We Started with Lambdas. Here's What Broke.

Published: 14 hours ago (March 3, 2026 at 01:10 AM EST)

8 min read

Source: Dev.to

Lambdas seemed perfect for AI workloads

Single‑purpose functions, automatic scaling, pay only for what you use. We built 7 of them before realizing our mistake.

First Lambda – Document Summarizer

import { APIGatewayProxyHandler } from 'aws-lambda';
import OpenAI from 'openai';

const openai = new OpenAI({
  apiKey: process.env.OPENAI_API_KEY,
});

export const handler: APIGatewayProxyHandler = async (event) => {
  try {
    const { document } = JSON.parse(event.body || '{}');

    const response = await openai.chat.completions.create({
      model: 'gpt-4',
      messages: [
        {
          role: 'system',
          content: 'Summarize the following document in 2-3 sentences.'
        },
        {
          role: 'user',
          content: document
        }
      ],
      max_tokens: 150
    });

    return {
      statusCode: 200,
      body: JSON.stringify({
        summary: response.choices[0].message.content
      })
    };
  } catch (error) {
    return {
      statusCode: 500,
      body: JSON.stringify({ error: error.message })
    };
  }
};

Clean. Simple. It worked great… until it didn’t.

The 29‑Second Wall

Our first major problem hit when we built an agent that could analyze complex documents. The agent needed to:

Extract text from the document
Analyze for key themes
Generate tags
Create a summary
Suggest related assets

Each step took 3–7 seconds. Total runtime: ~25 seconds. Within Lambda’s 15‑minute limit, right?

Wrong.

2024-02-15 14:32:18 START RequestId: abc-123-def
2024-02-15 14:32:18 Calling OpenAI for document analysis...
2024-02-15 14:32:25 Analysis complete, generating tags...
2024-02-15 14:32:32 OpenAI inference still running...
2024-02-15 14:32:47 ERROR Task timed out after 29.00 seconds

API Gateway has a 29‑second timeout – not Lambda. If you expose the function through API Gateway (which you probably are), you hit the wall at 29 seconds.

When this timeout hits:

The client receives a 504 Gateway Timeout
Lambda keeps running and burns money
OpenAI/Bedrock calls finish but results are lost
Users see failed requests
You are charged for the full Lambda execution time

We lost 30 % of our complex‑agent requests to timeouts. Users thought our AI was broken. It wasn’t – it was just slow.

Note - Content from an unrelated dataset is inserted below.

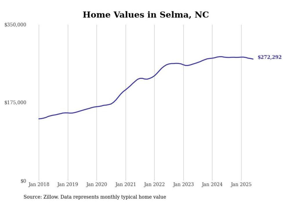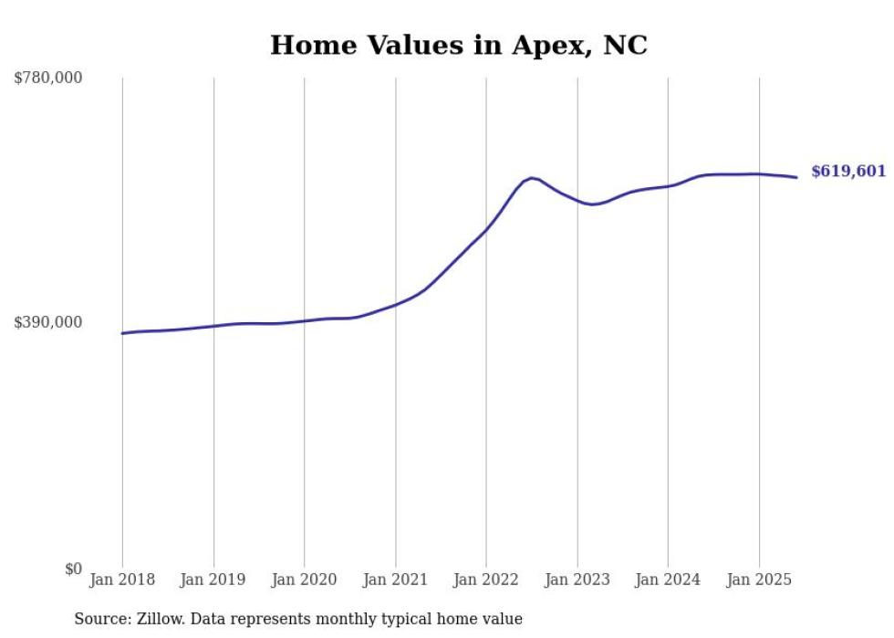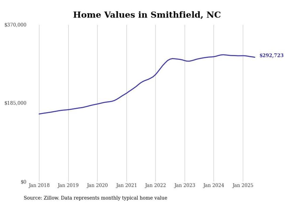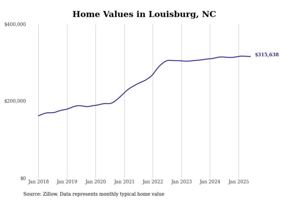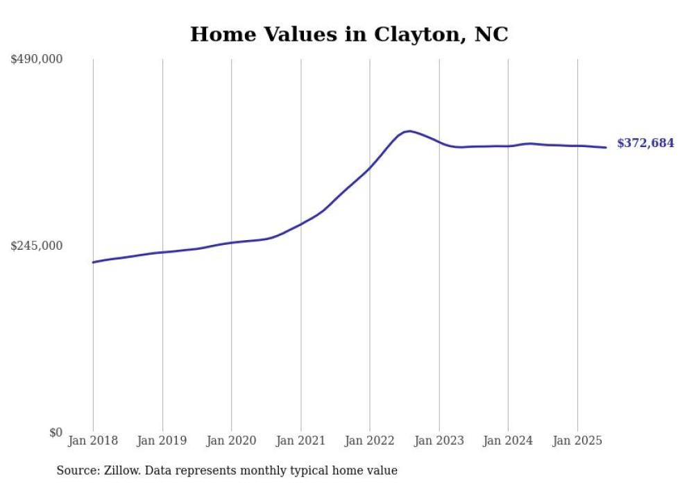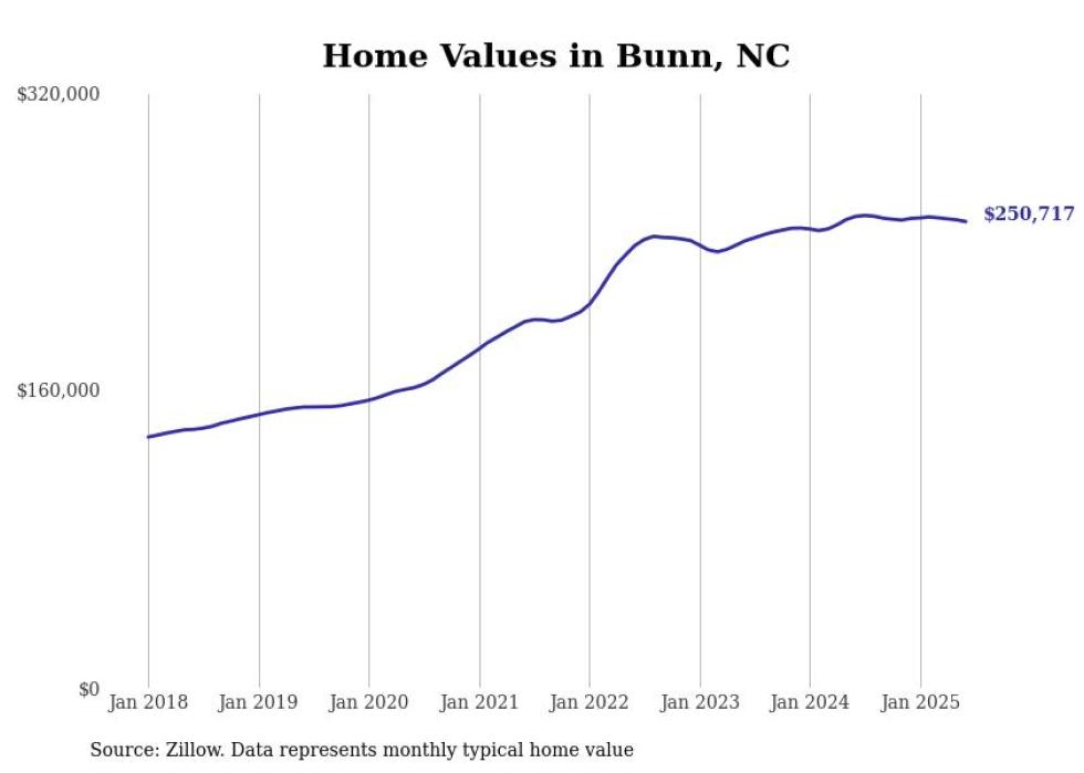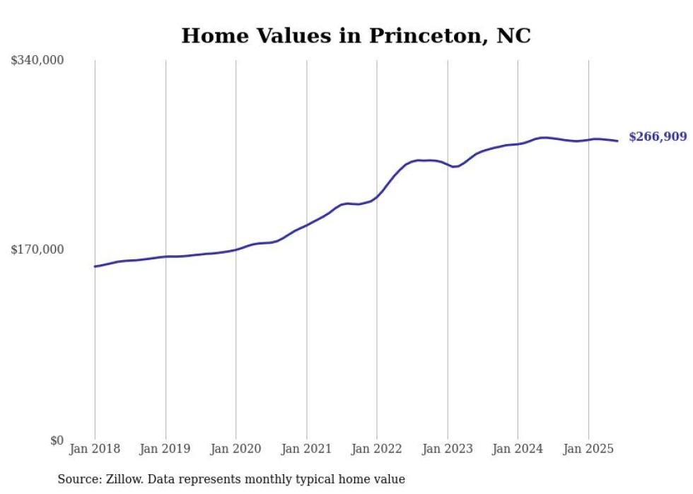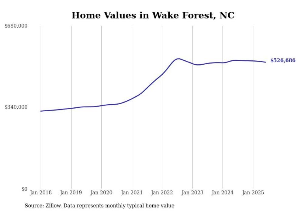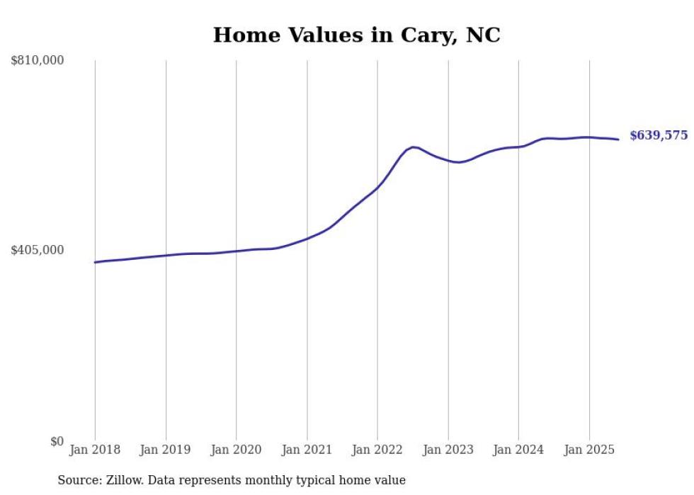 Stacker compiled a list of cities with the most expensive homes in the Raleigh-Cary, NC metro area using data from Zillow. Charts show the monthly typical home value since January 2018.

Streaming? Not from Lambda

Our users wanted real‑time chat responses, like ChatGPT’s streaming interface. We tried to implement streaming:

export const handler: APIGatewayProxyHandler = async (event) => {
  const stream = await openai.chat.completions.create({
    model: 'gpt-4',
    messages: [/* ... */],
    stream: true
  });

  // This is where it breaks
  for await (const chunk of stream) {
    // How do you stream through API Gateway?
    // You can't.
  }
};

API Gateway buffers the entire Lambda response before sending it to the client. There’s no way to stream partial data; the client won’t see anything until the Lambda finishes.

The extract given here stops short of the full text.